The & operator is used check the bit:

0101 0101
&
0000 1000
___________
0000 0000 (mean 0: False). It will work fine if the third bit is 1 (then the answer will be True)

Toggle or Flip:

0101 0101
^
0000 1000
___________
0101 1101 (Flip the third bit without affecting other bits)

| operator: set the bit

0101 0101
|
0000 1000
___________
0101 1101 (set the third bit without affecting other bits)

Answer 8

As this is tagged "embedded" I'll assume you're using a microcontroller. All of the above suggestions are valid & work (read-modify-write, unions, structs, etc.).
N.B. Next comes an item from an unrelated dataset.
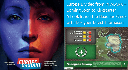 We have agreed to host a series of posts written by David Thompson on the blog about his upcoming design Europe Divided published by PHALANX and coming to Kickstarter on June 10th. As you know, we have hosted a few different series of Event Card spoilers over the past year or so with All Bridges Burning and People Power both from GMT Games as well as a recent CDG focused on the Barbary Coast War in The Shores of Tripoli from Fort Circle Games. I really love the Card Driven Game mechanic and frankly any game that uses cards as a primary engine. So keep an eye out for several of these posts leading up to the Kickstarter campaign start that focus on the history behind the game and how the cards are used.

However, during a bout of oscilloscope-based debugging I was amazed to find that these methods have a considerable overhead in CPU cycles compared to writing a value directly to the micro's PORTnSET / PORTnCLEAR registers which makes a real difference where there are tight loops / high-frequency ISR's toggling pins.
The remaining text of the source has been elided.